The English agents, their American allies (the Tories), and the Cherokee Indians, who resided in the neighborhood of Silver Bluff and made it the commercial mart it was in colonial times, took up the cause of the British against the revolutionists from the very beginning of the war. Accordingly, William H. Drayton, of South Carolina, on August 30, 1775, urged the sending of foot-soldiers and mounted men to the vicinity of Augusta, Georgia, to protect the interests of the patriots, and chasten their foes.[18]
Eight days later, September 7, 1775, William Tennett, of South Carolina, wrote in his journal as follows: "Went ten miles to New-Savannah, where I had appointed a meeting of inhabitants, in hopes to draw an audience out of Augusta, from Mr. Galphin's Settlement, and Beach Island, but most of the men having marched with Mr. Drayton, and Mr. Galphin being from home, I had but few."[19] To this same neighborhood Col. Andrew Williamson led a large force of South Carolinians, in defense of the American cause, some time later, and General Griffith Rutherford, with 2,400 men, reinforced him, September, 1776.
In view of all these statements in regard to the time when the Revolutionary War began to make itself manifest in Georgia and South Carolina, we conclude that when George Liele says he was converted to Christianity about two years before the Revolutionary War, he refers to the year 1773, and his visits to Silver Bluff were at an end by the summer of 1775. We are, therefore, driven back to our first affirmation, namely, that the Negro Baptist Church at Silver Bluff, South Carolina, was organized not earlier than 1773, nor later than 1775.

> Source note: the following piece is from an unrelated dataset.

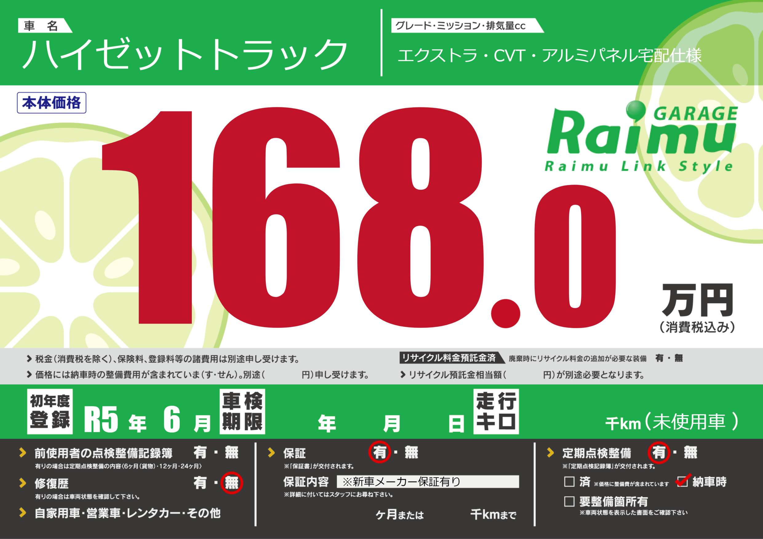 | 車名 | ハイゼットトラック | グレード ミッション 排気量 |

The writers who have insisted that Mr. Liele united with Matthew Moore's church in 1778, and terminated that membership in 1782, have followed what is undoubtedly an erroneous inference. Liele said, "I continued in this church about four years till the 'vacuation.'" But as the expression seemed to Dr. Rippon indefinite in some particulars, he sought information from persons who were supposed to be capable of guiding him, and added five words to the statement of Liele, which made it read as follows: "I continued in this church about four years, 'till the 'vacuation'—of Savannah by the British."[20] Dr. Rippon carefully states that "Brother George's words are distinguished by inverted commas, and what is not so marked, is either matter compressed, or information received from such persons to whom application had been made for it."
It is easy enough to see how the inference was drawn, for in one of his letters Liele says, "Our beloved Sister Hannah Williams, during the time she was a member of the church at Savannah, until the 'vacuation, did walk as a faithful, well-beloved Christian."[21] Here there is no room for doubt. Liele speaks in this case of the evacuation of Savannah by the British, July, 1782, but in the former instance the only evacuation of Savannah which harmonizes with the story of his own life, the events and circumstances of his time, and those of his associates, is the evacuation of Savannah by the Americans, December 29, 1778.